■ What is expected
No pictures belong in the copy. Reproduce exactly the lines beginning at the line containing "La inscripción en" and continuing to the end of the entries below.

■ Data provided
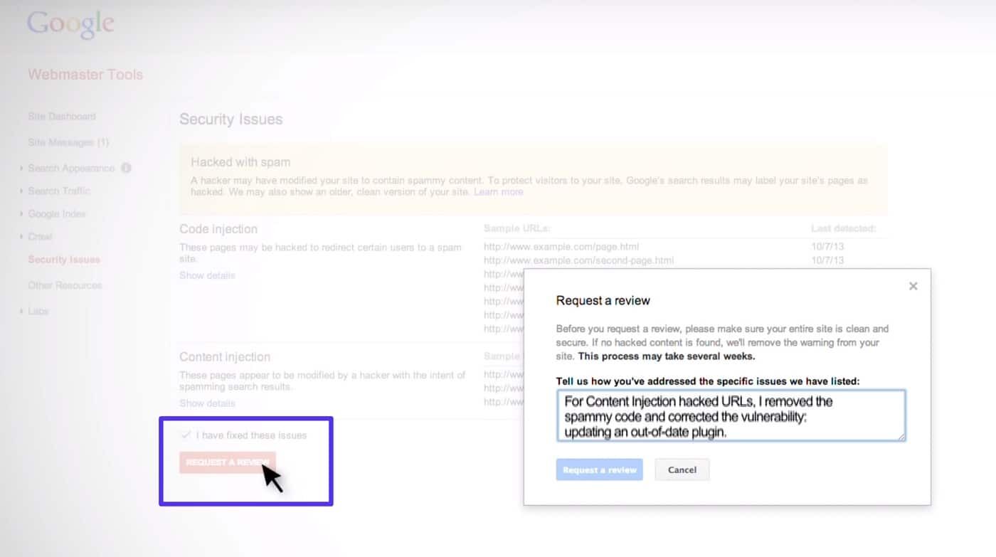 登陆Google Search Console,转到安全和手动操作中的安全问题部分。选中该框以表明我已解决这些问题,然后单击Request a Review。
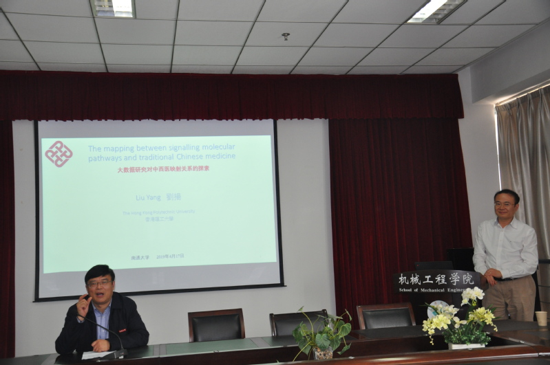 4月17日下午,香港理工大学刘扬教授应邀来我校伟德国际1946源于英国作题为 “从大数据分析显示出中医阴阳五行和信号分子通路之间的高度相似性”学术报告。校长施卫东主持报告会。
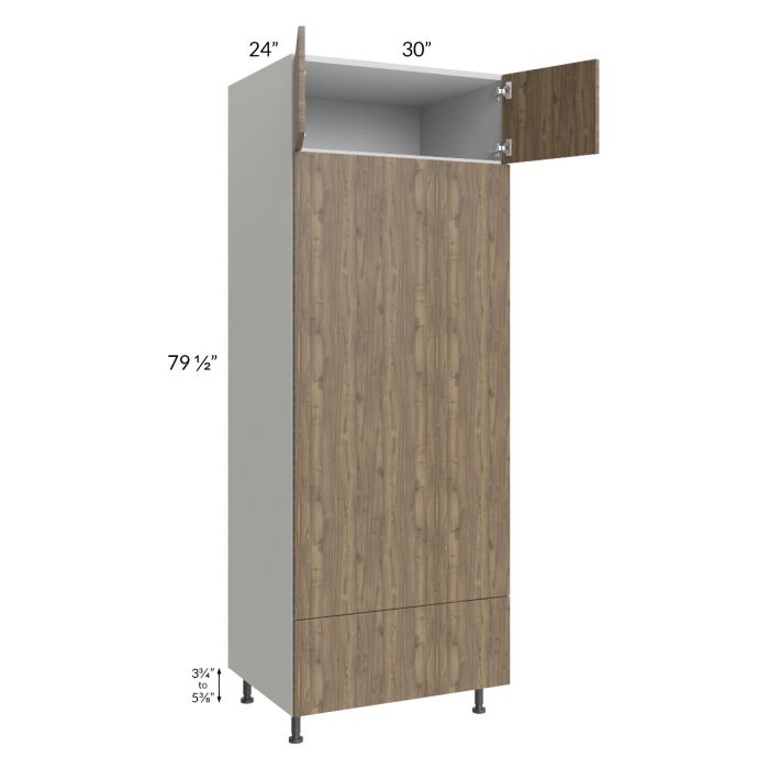 Double oven cabinet with two 11-7/8" high doors on top and one 11-7/16" high drawer on bottom (height is drawer front height). The oven cabinet has a full panel that will need to be cut on site, the maximum cutout is 28"W x 55"H. When using two appliances, it is recommended to provide support for the top appliance; PLY-3/4 can be used and would need to be purchased separately, and then installed on site. Black, adjustable, plastic furniture feet will also be included which will add 3-3/4" to 5-3/8" to the 79-1/2" height.
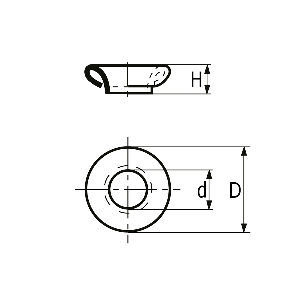 D=Außen-Ø, d=Ø-Bohrung, H=Totalhöhe, M=Geeignet für metrisches Gewindemaß
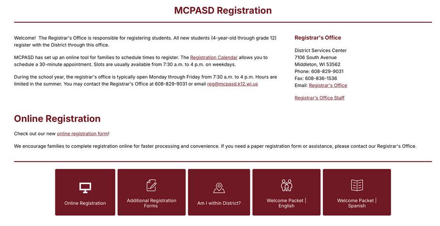 La inscripción en línea está disponible en nuestro sitio web Visite www.mcpasd.k12.wi.us y haga clic en el botón Registration de Inscripción en la página principal
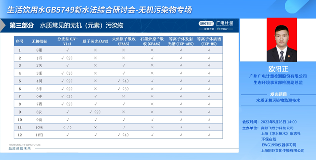 由歐陽正打頭陣,有關(guān)《生活飲用水 無機(jī)污染物監(jiān)測(cè)技術(shù)》的主題分享就此展開。
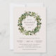Este design apresenta uma coroa botânica verde com acentos de algodão em um fundo neutro.

■ Output of the task
 La inscripción en línea está disponible en nuestro sitio web Visite www.mcpasd.k12.wi.us y haga clic en el botón Registration de Inscripción en la página principal
 由歐陽正打頭陣,有關(guān)《生活飲用水 無機(jī)污染物監(jiān)測(cè)技術(shù)》的主題分享就此展開。
Este design apresenta uma coroa botânica verde com acentos de algodão em um fundo neutro.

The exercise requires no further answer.